# Goal of the exercise
Without any pictures, print the lines below from the one that has "50 m² - 1 ložnice" through the one that has "餐边柜的墙面会有一扇改造过的", exactly and nothing else.

# Record set
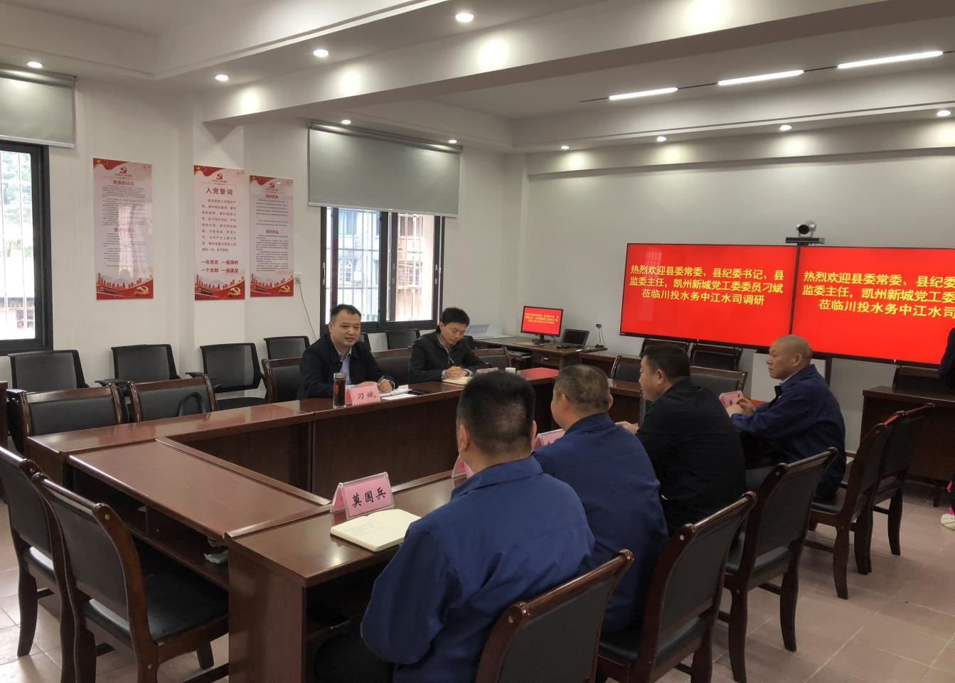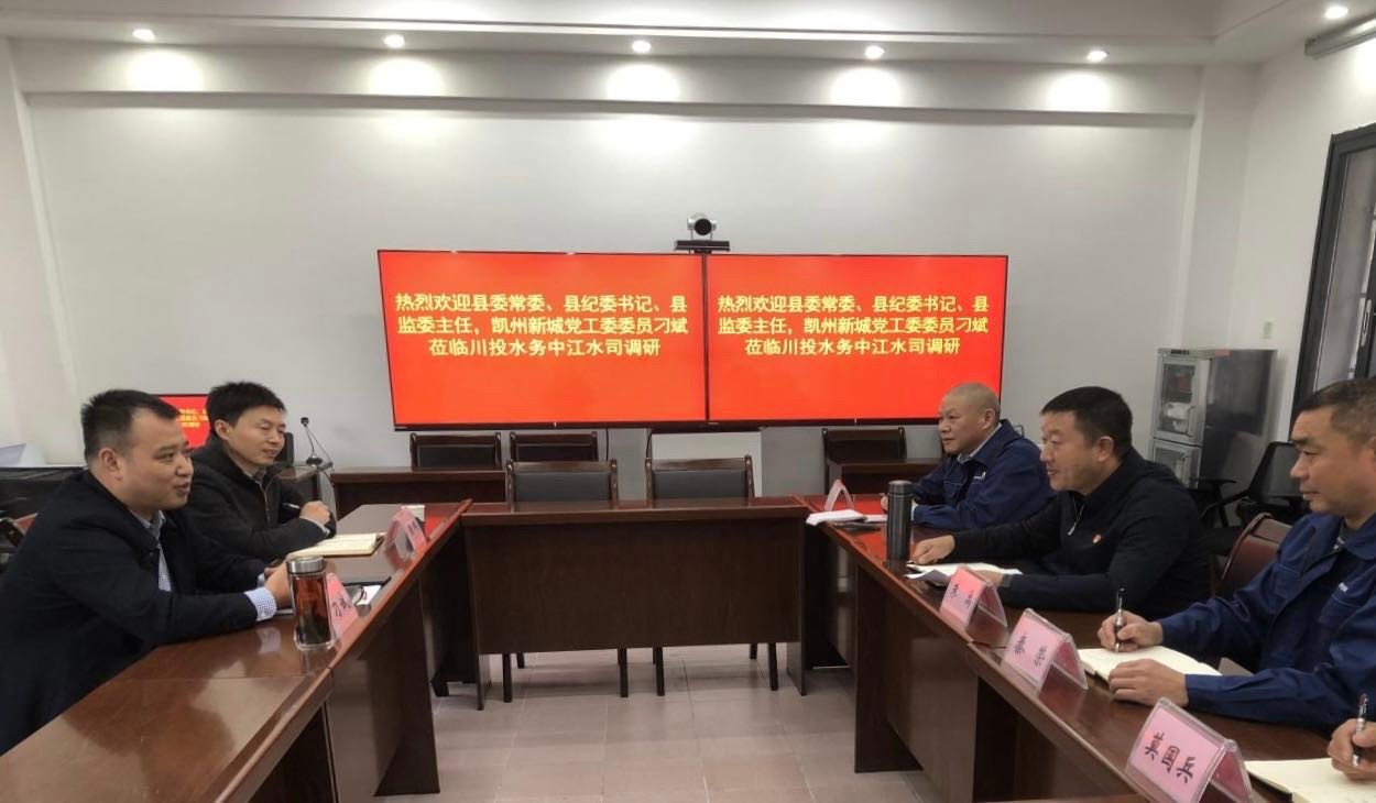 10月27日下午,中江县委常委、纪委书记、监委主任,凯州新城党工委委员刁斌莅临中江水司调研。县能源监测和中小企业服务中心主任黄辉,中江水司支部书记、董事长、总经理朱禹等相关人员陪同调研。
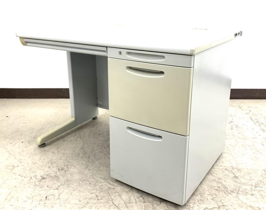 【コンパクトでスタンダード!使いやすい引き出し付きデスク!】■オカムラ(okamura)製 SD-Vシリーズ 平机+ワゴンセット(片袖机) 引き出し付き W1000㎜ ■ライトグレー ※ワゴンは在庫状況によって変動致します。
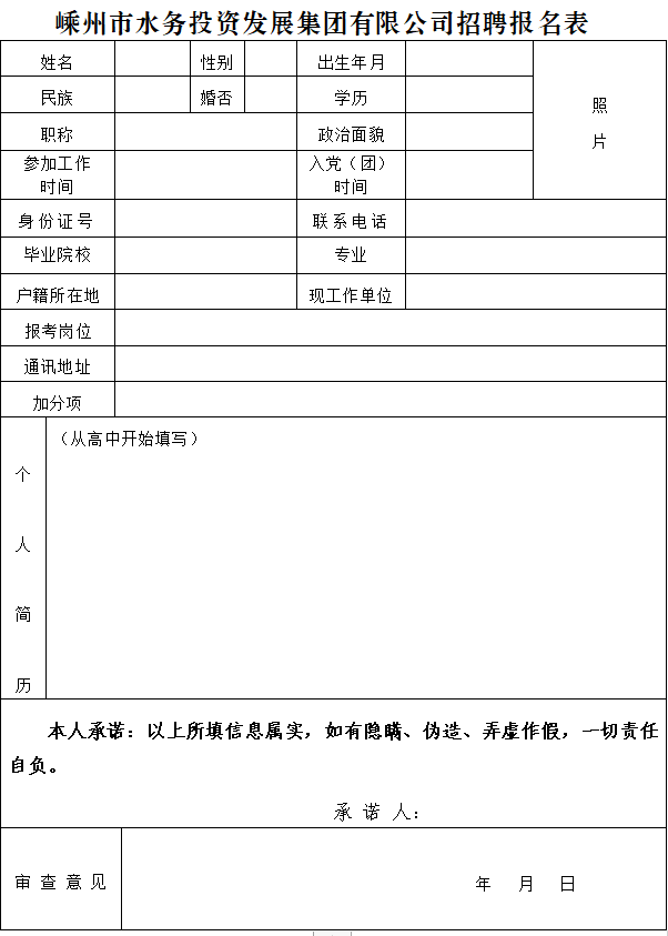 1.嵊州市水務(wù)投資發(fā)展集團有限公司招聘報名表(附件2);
--
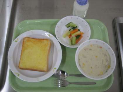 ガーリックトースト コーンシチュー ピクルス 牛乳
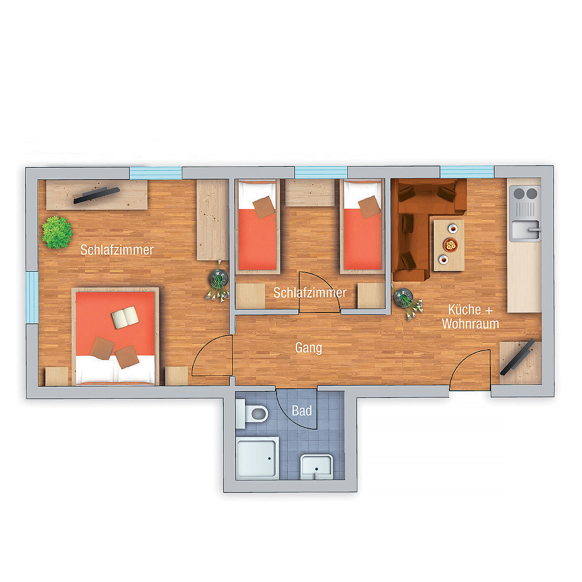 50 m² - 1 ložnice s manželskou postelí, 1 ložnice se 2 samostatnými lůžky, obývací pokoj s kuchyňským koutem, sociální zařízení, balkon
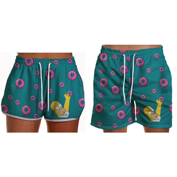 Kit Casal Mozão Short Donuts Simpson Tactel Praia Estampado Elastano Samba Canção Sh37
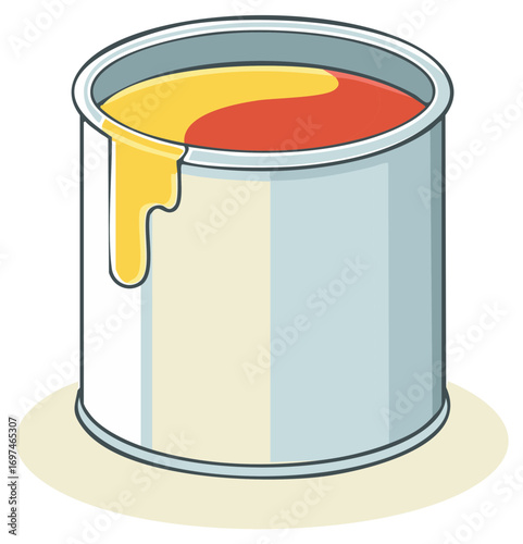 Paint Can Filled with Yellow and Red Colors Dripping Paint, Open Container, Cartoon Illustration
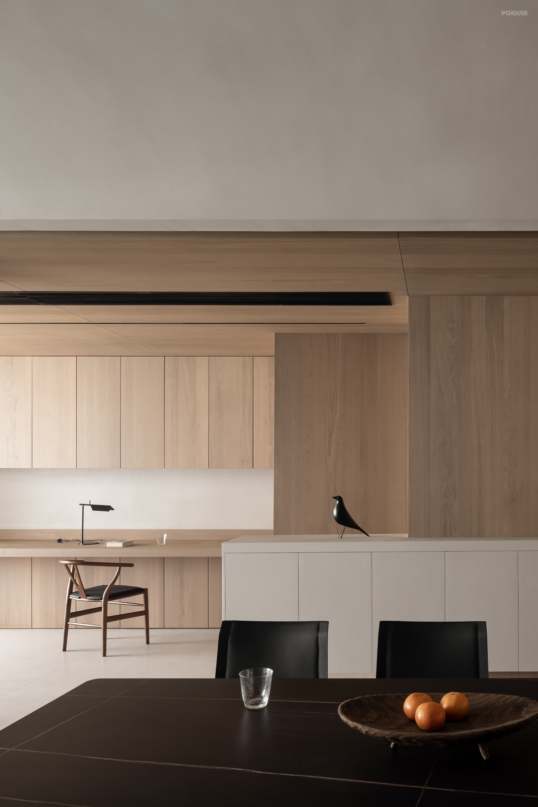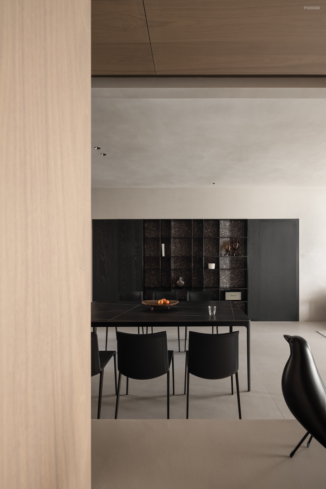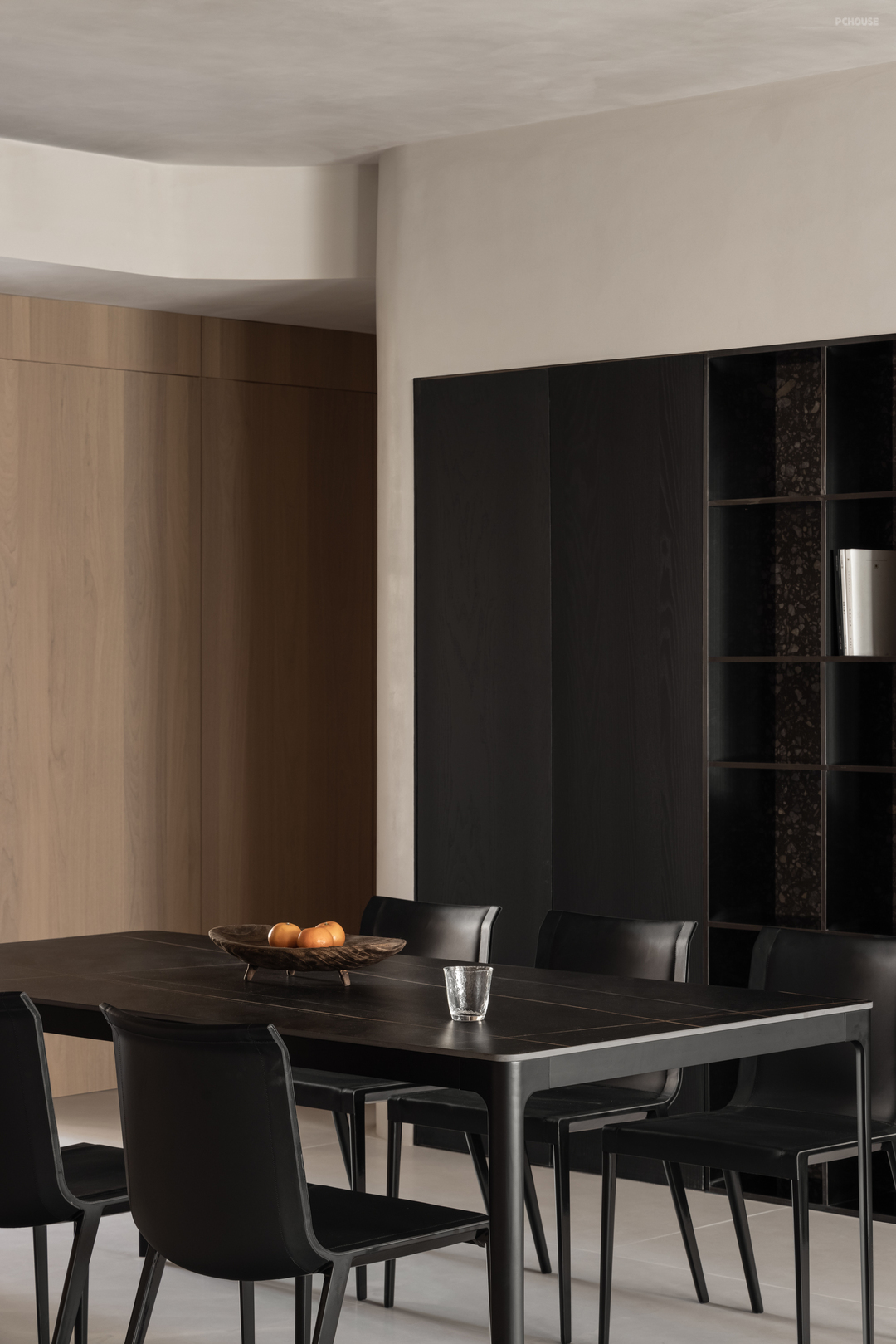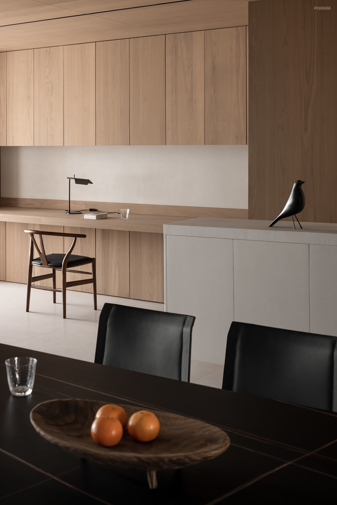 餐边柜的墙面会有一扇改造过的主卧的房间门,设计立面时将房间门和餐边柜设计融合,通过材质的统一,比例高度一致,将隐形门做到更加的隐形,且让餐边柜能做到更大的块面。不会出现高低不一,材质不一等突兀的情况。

# Solved exercise
 50 m² - 1 ložnice s manželskou postelí, 1 ložnice se 2 samostatnými lůžky, obývací pokoj s kuchyňským koutem, sociální zařízení, balkon
 Kit Casal Mozão Short Donuts Simpson Tactel Praia Estampado Elastano Samba Canção Sh37
 Paint Can Filled with Yellow and Red Colors Dripping Paint, Open Container, Cartoon Illustration
 餐边柜的墙面会有一扇改造过的主卧的房间门,设计立面时将房间门和餐边柜设计融合,通过材质的统一,比例高度一致,将隐形门做到更加的隐形,且让餐边柜能做到更大的块面。不会出现高低不一,材质不一等突兀的情况。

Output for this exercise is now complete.